Differential Causes Must Be Excluded Before Attributing Eclampsia in Pregnant Females to COVID-19

LETTER TO THE EDITOR

We read with interest Ozcan et al’s article about a 30-year-old pregnant female, gravida 5, para 4, gestation week 38, with eclampsia associated with SARS-CoV-2 infection [Ozcan, A. et al., 2022]. She was admitted because of headache, dizziness, arterial hypertension and seizures since one day before admission and underwent emergency cesarean section [Ozcan, A. et al., 2022]. Postoperatively, arterial hypertension persisted and was associated with sinus tachycardia, heart failure, hypoexemia, and elevated infection biomarkers, requiring intubation and mechanical ventilation [Ozcan, A. et al., 2022]. With adequate treatment, all abnormalities disappeared within 24h of admission [Ozcan, A. et al., 2022]. The study is impressive, but some limitations should be discussed.
 
The major limitation of the study is that the patient did not undergo cerebral imaging. Since the patient was admitted for headaches, dizziness, and seizures, was diagnosed with SARS-CoV-2 infection, and since SARS-CoV-2 infections are often complicated by central nervous system (CNS) disease [Finsterer, J. et al., 2021], it would have been mandatory to perform magnetic resonance imaging (MRI) with contrast agent and magnetic resonance angiography (MRA) to determine whether an acute cerebral disease was present. Common CNS complications of SARS-CoV-2 infections include stroke, bleeding, subarachnoid bleeding, venous sinus thrombosis (VST), immune or infectious encephalitis or meningitis, acute disseminated encephalomyelitis, acute, hemorrhagic leucoencephalitis (AHLE), and acute, hemorrhagic, necrotizing encephalopathy (AHNE) [Ozcan, A. et al., 2022]. Since D-dimer was significantly increased, VST in particular should have been excluded using magnetic resonance venography (MRV).
 
The second limitation is that no electroencephalogram was recorded to determine whether epileptiform discharges occurred and whether the patient required chronic treatment with anti-seizure drugs (ASDs). In this context, it would have been important to know what ASD treatment was administered to stop seizure activity upon admission.
 
The third limitation is that the patient was diagnosed with cardiomyopathy without specifying what type of cardiomyopathy was diagnosed and whether it was inherited or acquired. Since no previous illness has been identified in either the individual or family history, it was most likely an acute and acquired cardiomyopathy. The most common acute and acquired cardiomyopathy is Takotsubo syndrome (TTS), also known as stress cardiomyopathy.

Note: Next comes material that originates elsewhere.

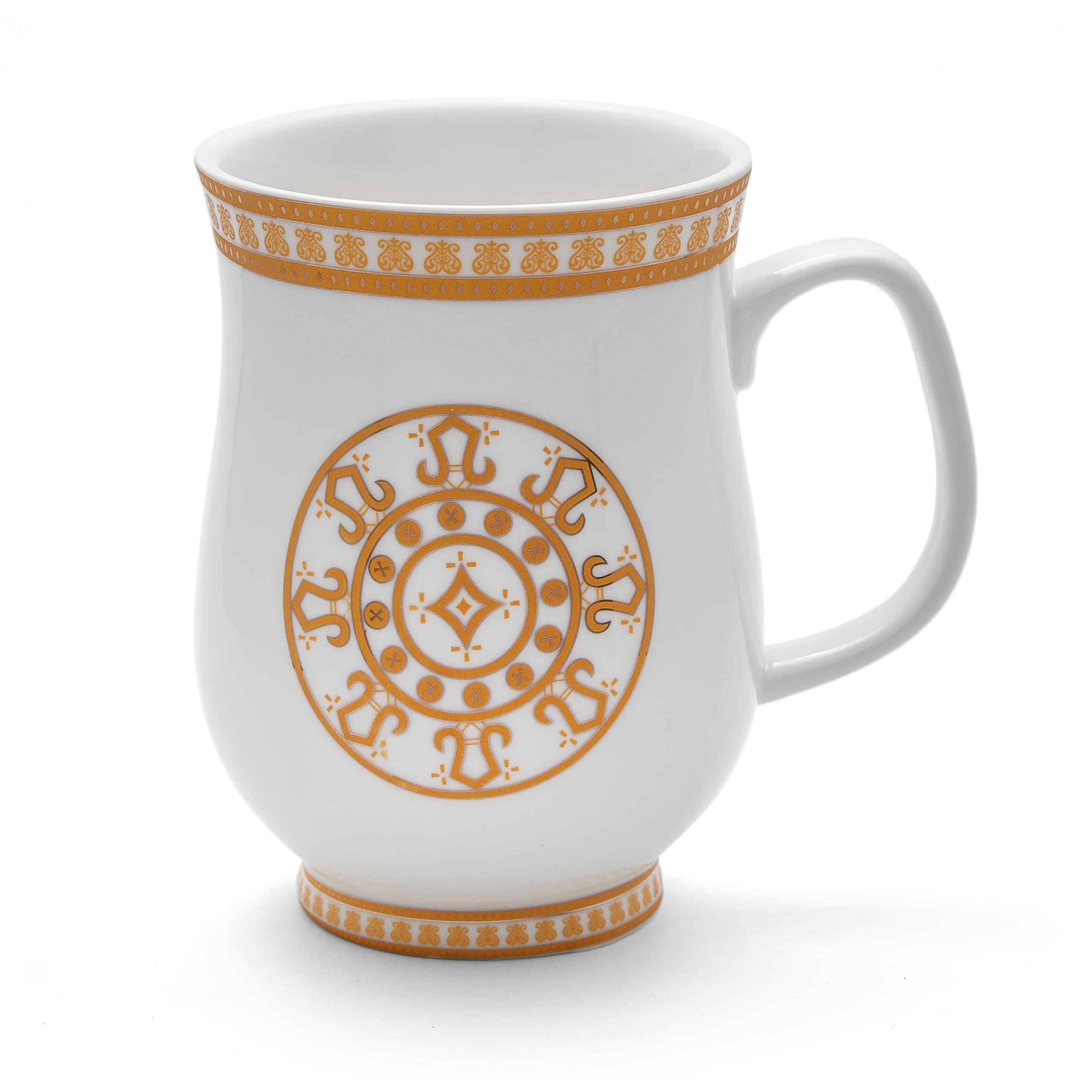 Стильная форма, вместительный объём, отделка золотом — всё это делает кружку неотразимой и очень привлекательной.

TTS is often triggered by CNS disease, particularly subarachnoid bleeding, seizures, and stroke [Perfilyeva, Y. V. et al., 2023]. Therefore, it would have been imperative to revise the echocardiography images for each of the four subtypes of TTS. Arguments for TTS, especially for the basal subtype, are that the patient was previously healthy, that she had seizures, that there was basal hypokinesia, reduced ejection fraction, markedly elevated proBNP, elevated CK-MB, elevated troponin, and that there was obviously spontaneous regression of the cardiomyopathy. We should know whether the patient underwent coronary angiography to rule out acute coronary syndrome or myocardial infarction and whether she met the Mayo Clinic criteria for the diagnosis of TTS.
 
A fourth limitation is that pulmonary embolism was not considered and ruled out using CT angiography of the pulmonary arteries. Because the patient was tachypneic, tachycardic, hypoxemic, had respiratory and metabolic acidosis, and had a markedly elevated D-dimer level, it would have been imperative to rule out pulmonary embolism. Pulmonary embolism has been repeatedly reported as a complication of SARS-CoV-2 infections [4].
 
In summary, the excellent study has limitations that should be addressed before drawing final conclusions. Clarifying the weaknesses would strengthen the conclusions and could improve the study. Eclampsia in SARS-CoV-2 infected gravida should not be diagnosed until all differential causes of CNS disease have been sufficiently ruled out.